Совершенно объективно, спокойно, можно сказать размеренно, наблюдая окружающую жизнь, опасаясь быть лириком, стараясь вычеркнуть свою личность и развертывать свои романы, как в природе развертывается жизнь, Стендаль тем не менее сильно любит и сильно ненавидит. Он ненавидит буржуазную мелочность, он ненавидит размеренную жизнь торгашей и чиновников, он ненавидит постепенно крепнущее и забирающее в свои руки человечество сплоченное большинство правящих слоев. Он ненавидит трусость, дряблость, бездушный расчет, он ненавидит все то, что характеризует мещанство после победы над аристократией, проявившей все свое духовное убожество.
Наоборот, Стендаль страшно любит человека–животное, животное, одержимое страстями, преисполненное порывами к яркой жизни, к подвигу и, может быть, больше всего к счастью любви. Любовь играет у Стендаля огромную роль. Она у него необыкновенно очищена от всяких эмпирей, от всяких фиглей–миглей, от всяких мистических выдумок. Она у него физиологическая, плотская, она у него мука и радость тела. Но вместе с тем она у него чиста, как огонь, она может сжечь человеческое сердце, она увлекает на безрассудные, но красивые по своей отваге поступки. Она иногда тяжело ранит, но никогда не заставляет гнить и, даже причиняя боль и скорбь, даже губя, очищает и возвышает человека.
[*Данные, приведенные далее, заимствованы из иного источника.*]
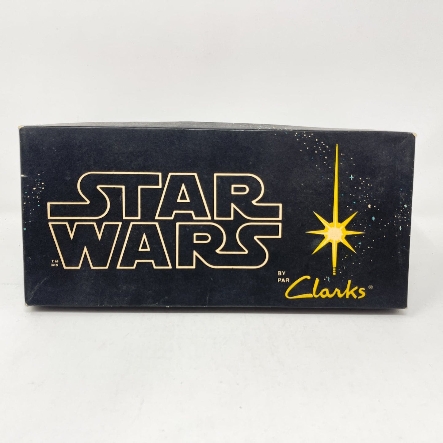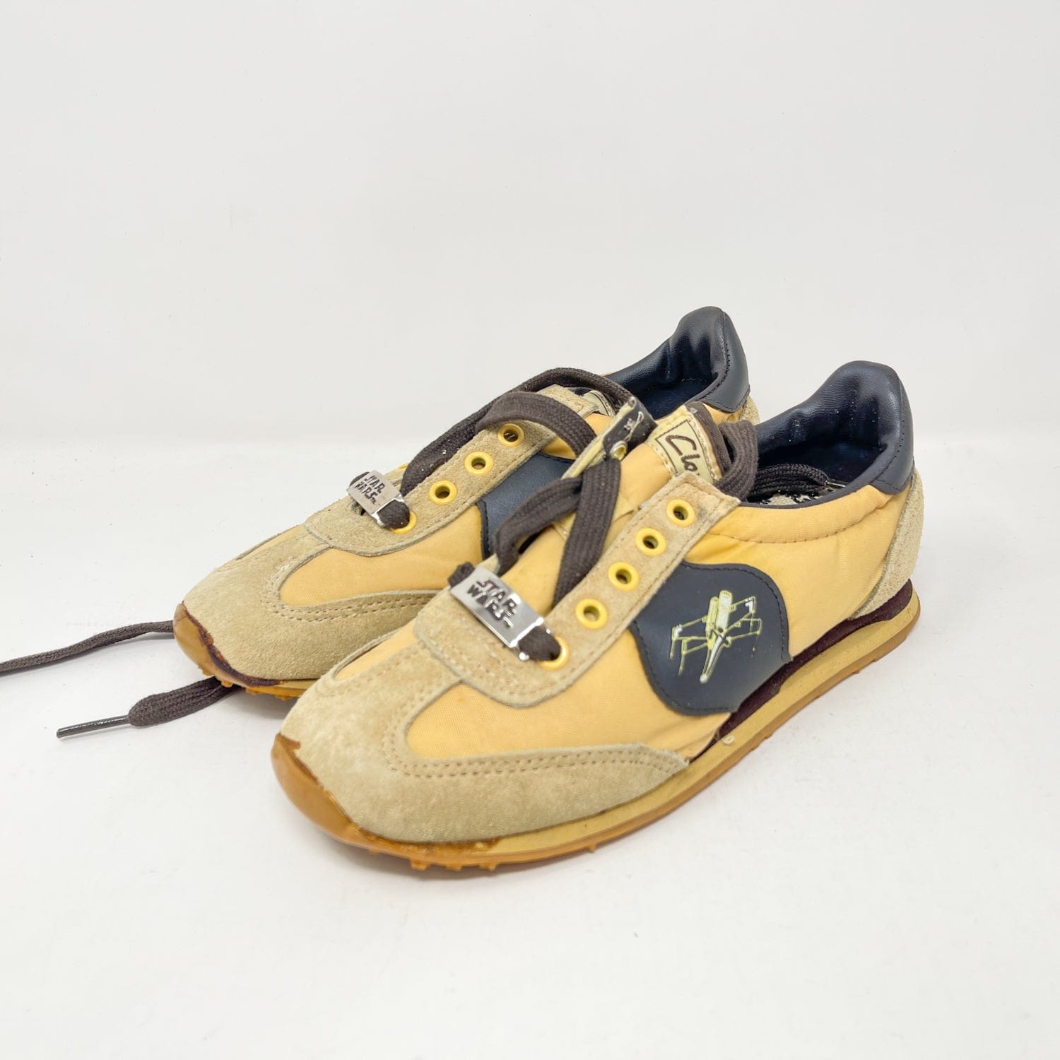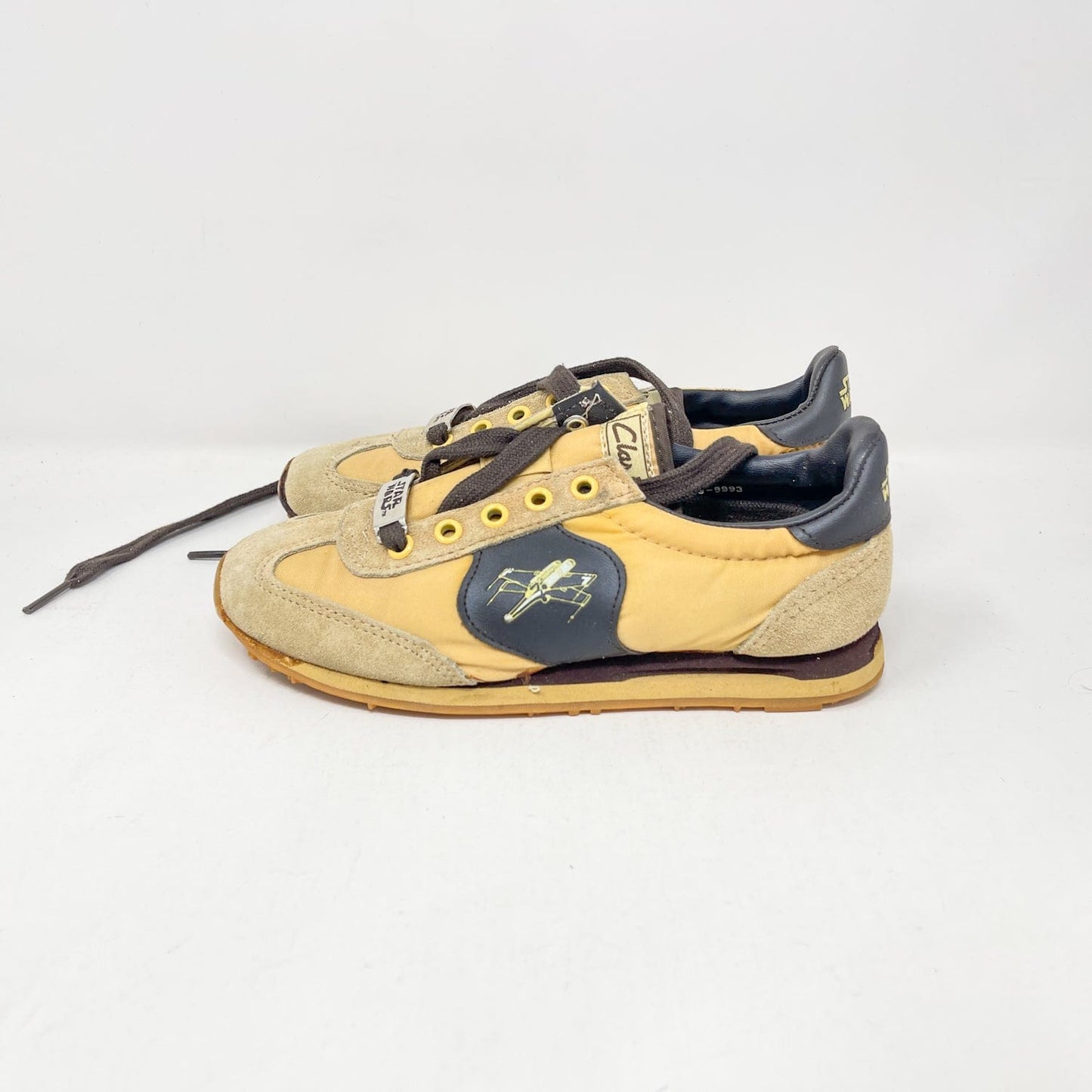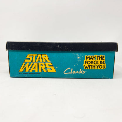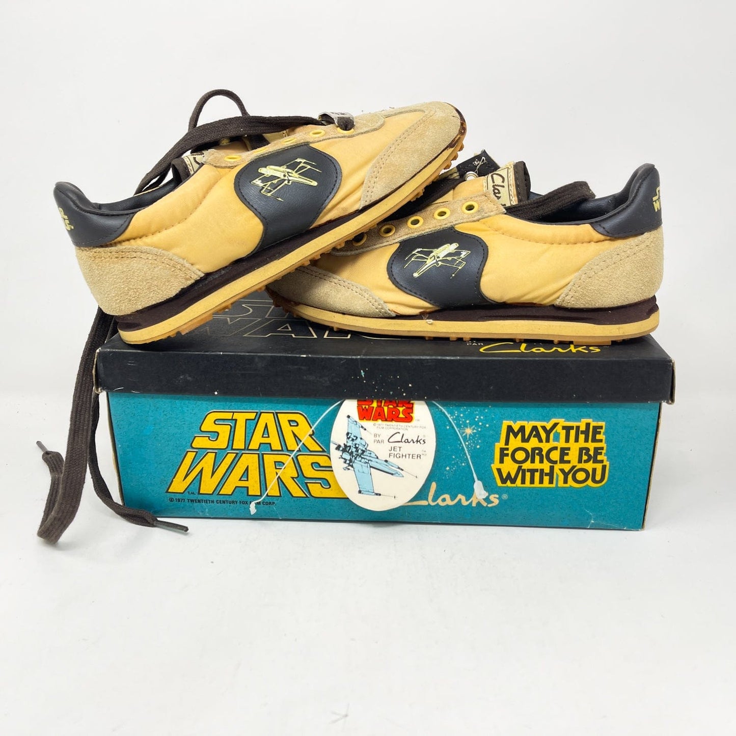 An exceptional vintage collectible from Clarks’ Star Wars collaboration — the Jet Fighter Running Shoes, featuring bold X-Wing artwork and Star Wars branding. Each pair includes the original Canadian bilingual box, factory tag, and Clarks shoe bag.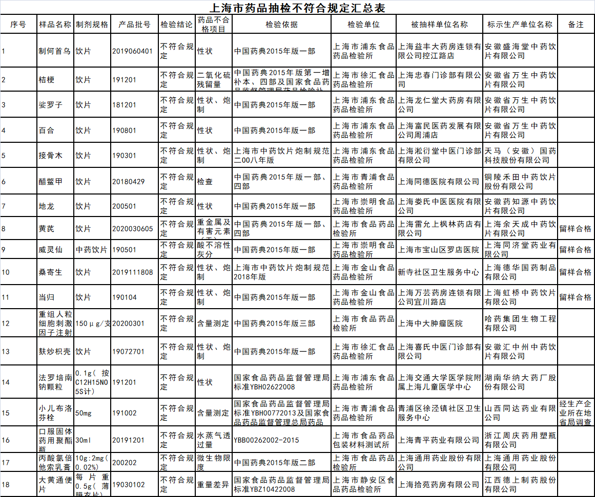 1月4日,上海市药品监督管理局发布的《2020年第4期药品质量抽检通告》显示,制何首乌、黄芪、重组人粒细胞刺激因子注射液、小儿布洛芬栓、丙酸氯倍他索乳膏、大黄通便片等18批次药品不合格,涉及安徽盛海堂中药饮片有限公司、安徽省万生中药饮片有限公司、上海通用药业股份有限公司、天马(安徽)国药科技股份有限公司、上海同济堂药业有限公司、哈药集团生物工程有限公司、湖南华纳大药厂股份有限公司、上海通用药业股份有限公司等十余家生产企业。
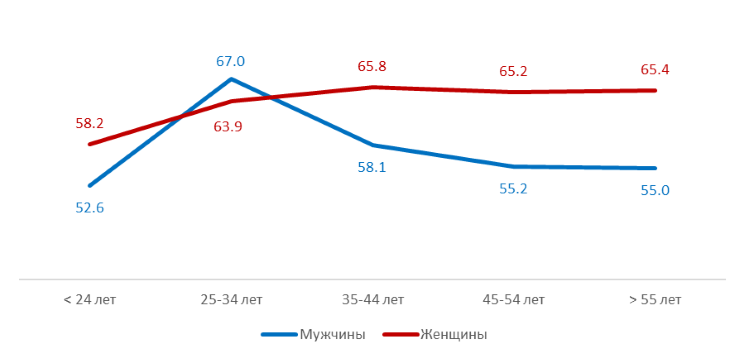 · среди мужчин доверие к рекламе резко снижается с возрастом и ростом уровня образования, чем у женщин.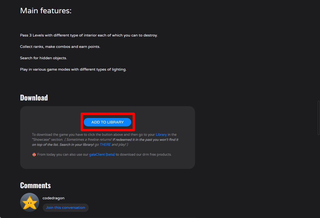 "Fly in the House" 게임 페이지를 내려 [ADD TO LIBRARY]를 클릭합니다.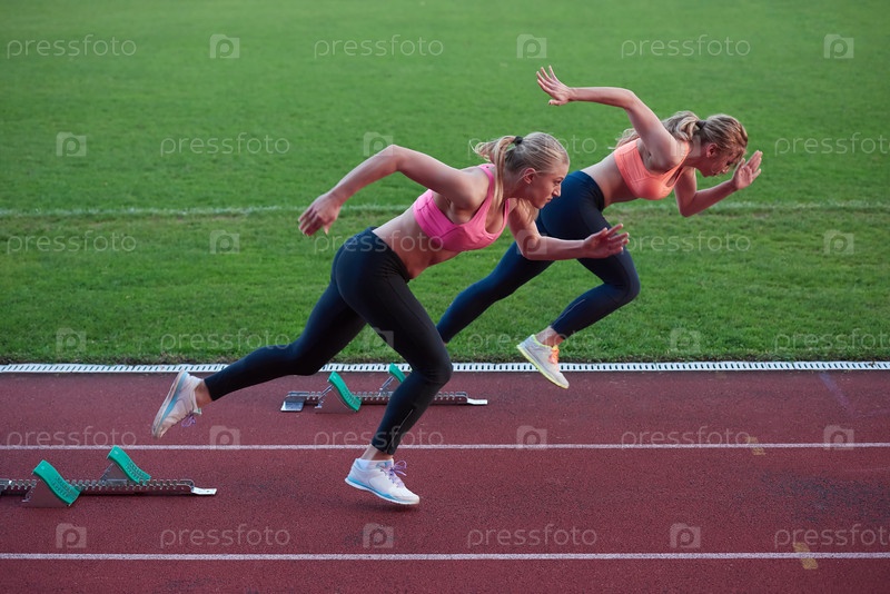 Спортсменки бегут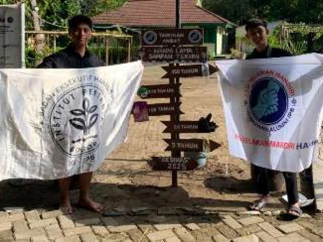 Peserta Ekspedisi IPB – Ekspedisi Nasional 2025 juga memasang papan informasi dan edukasi mengenai pentingnya menjaga kebersihan lingkungan serta pengelolaan sampah yang baik.
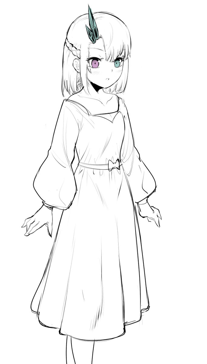 キャラデザラフ② ちょっと頭身高めにぶかぶかの服にしてみた、色々と迷い中ー パズルや脚本・仕様など固まってきたので、キャラデザインの過程とかちょこちょこアップしていこうかと思います。 #illust #indiegame #絵描きさんと繋がりたい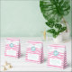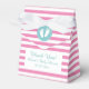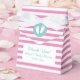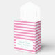Bande rose et blanche baby shower fête boîte de faveur. Merci personnalisé pour le message à venir. Impression de lignes mignonnes avec typographie de script élégante et d'adorables empreintes de bébé Couleur arrière - plan personnalisable. Conception de pieds bébé pour la fête de la douche bébé. Fille Turquoise bleu et rose couleurs pour nouveau bébé / nouveau-né enfant. Ballotins en forme de tente. Des idées de babyshower tendance.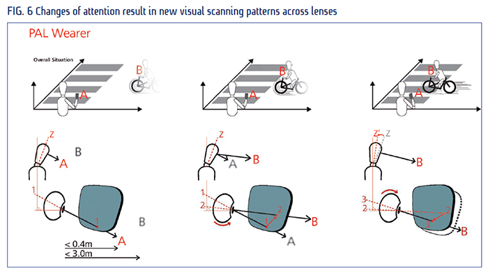 In digital and progressive lenses, the situation is quite different; a progressive increase in addition power in the lens corridor produces peripheral distortion, astigmatism and power errors. These peripheral areas include astigmatic errors and also values of mean power that do not match all possible viewing distances. When an object of interest presents itself to the peripheral vision of a person viewing a handheld device, the resulting eye movements may follow a path where power errors and astigmatism are notable to the wearer. Fig. 6 shows an example. Consider a pedestrian who wears progressive addition lenses and is using a smartphone while walking on a city sidewalk. His attention is fixed on the smartphone (“A”), but as he walks, a bicyclist (“B”) approaches from the right, which he notices with his peripheral vision. Automatically he turns his eyes to view the cyclist, shifting gaze from point 1 on the lens to point 2. A moment later, he lifts his head and continues to follow the cyclist with his eyes for a moment. This sweeps the line of sight along the path from point 2 to point 3. Along this viewing path, the addition power and astigmatic aberration of a multifocal lens are changing continuously. Each person and every circumstance will produce a new line-of-sight path as the eyes acquire new tar gets, like the glide path of a plane coming in for a landing. Each glide path eventually leads back lower in the lens when focused on our handheld device screen. For lens designs to be effective, they must ensure that the distribution of dioptric powers meets the visual needs throughout the region of re-fixations.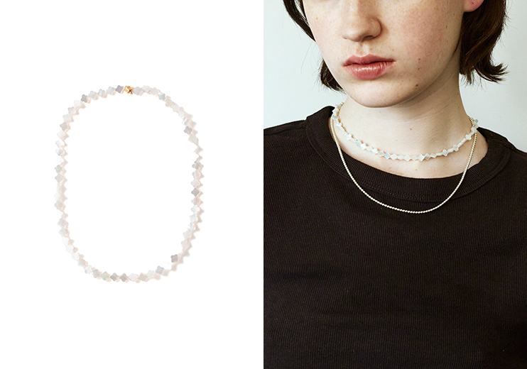 涼しげな印象が漂う天然シェルを基調としたネックレス。光があたる角度によって、柔らかく虹色に輝くシェルはスタイリング全体をエレガントな印象にみせてくれます。ネックレスとしてはもちろん、二重にしてブレスレットとしてもお使いいただける優秀アイテム。夏のスタイリングのアクセントとしてぜひお楽しみください。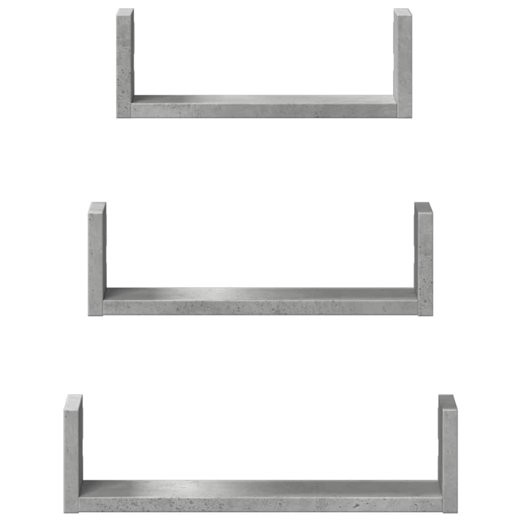 vidaXL Ράφια Τοίχου 3 τεμ. Γκρι του Σκυροδέματος από Επεξ. Ξύλο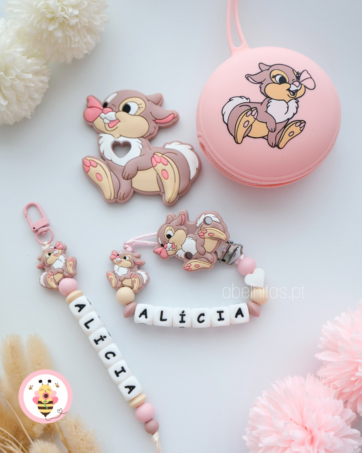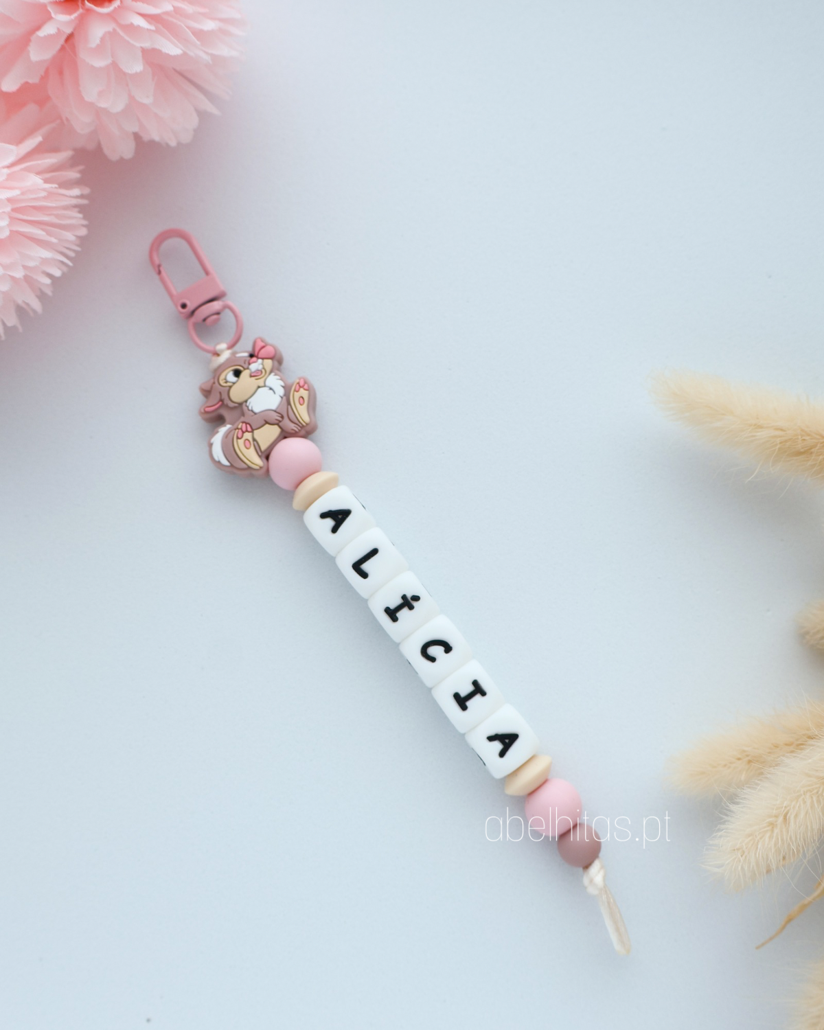 Prendedor de chupeta personalizado com o nome do bebé para torná-lo uma peça única e original.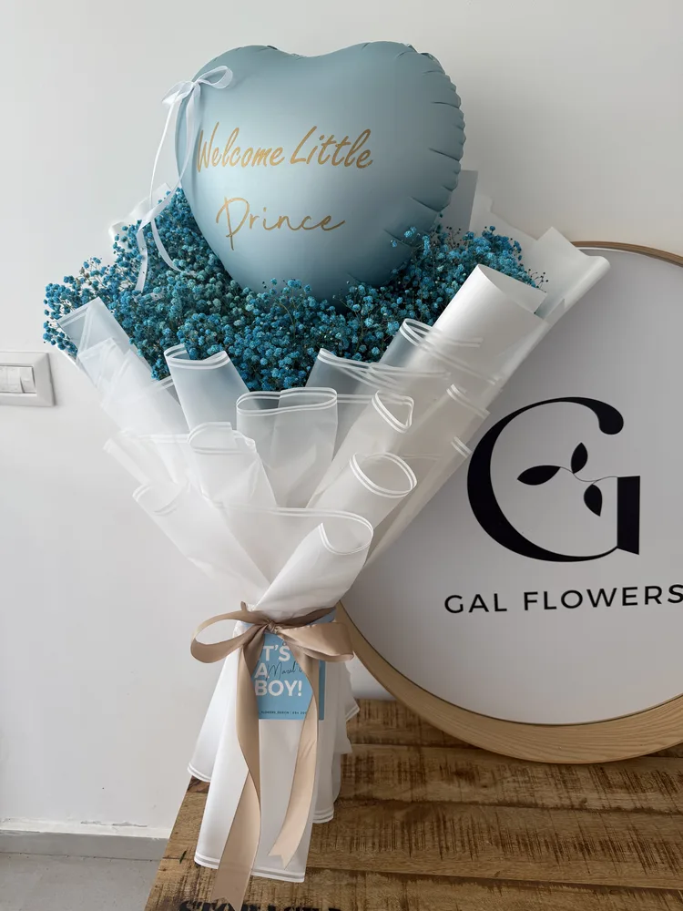 זר גיפסניות כחול בגודל XXL בעיטוף חגיגי ,בשילוב בלון לב עם כיתוב אישי וכרטיס ברכה מעוצב.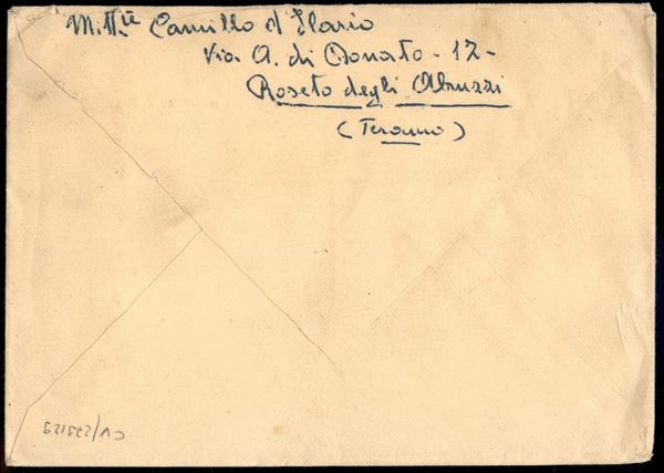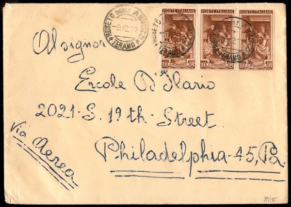 Aerogramma affrancato con striscia di tre 100 lire Italia al Lavoro (651) da Roseto degli Abruzzi per Philadelphia (USA) del 9.12.52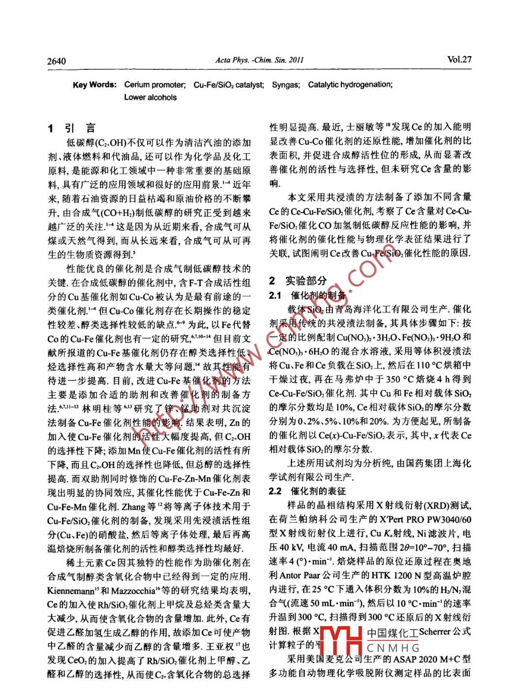 Ce添加對Cu-Fe/SiO2催化合成氣制低碳醇性能的影響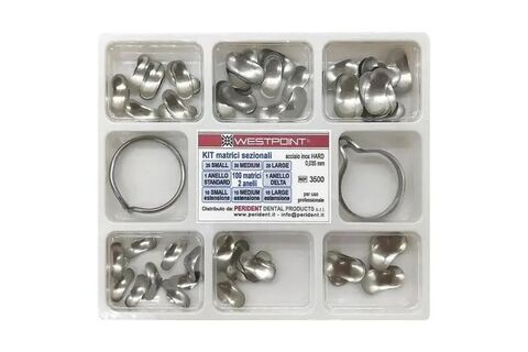 Le matrici sezionali preformate SMS Westpoint in acciaio inox rappresentano una soluzione tecnica avanzata per la gestione dei punti di contatto nei restauri dentali, in ambito odontoiatrico conservativo. Queste matrici sezionali preformate vengono utilizzate per facilitare la realizzazione di restauri diretti in composito, garantendo un adattamento ottimale al dente e un preciso controllo della forma del punto di contatto interprossimale.

Быть может, по самому духу времени крайне индивидуалистический Стендаль слишком возвеличивал любовь. Это не мешает тому, что он оказался одновременно и чрезвычайно глубоким и высоко настроенным поэтом ее, и вместе с тем очистителем ее от той скверной, от той ложной поэзии, всякого рода выдуманной фантастики, всякой христианщины и розового сюсюкания, которым хотели якобы прикрасить такую грубую вещь, как пол, а на самом деле унизили и загадили его. Таким образом, Стендалю совершенно чужд романтизм типа стремления к потустороннему. Стендаль как нельзя более реалист. И по приемам своего письма, и по своему миросозерцанию он мало общественен, а как аналитик общества он чрезвычайно интересен, поскольку дает необычайно точное, заостренное, четкое отражение борьбы личности за свободу в современном ему обществе, скрепы которого вообще были ничтожны и где выражения вроде «демократия — это карьера, открытая для талантов)) или «обогащайтесь» — являлись доминирующими лозунгами.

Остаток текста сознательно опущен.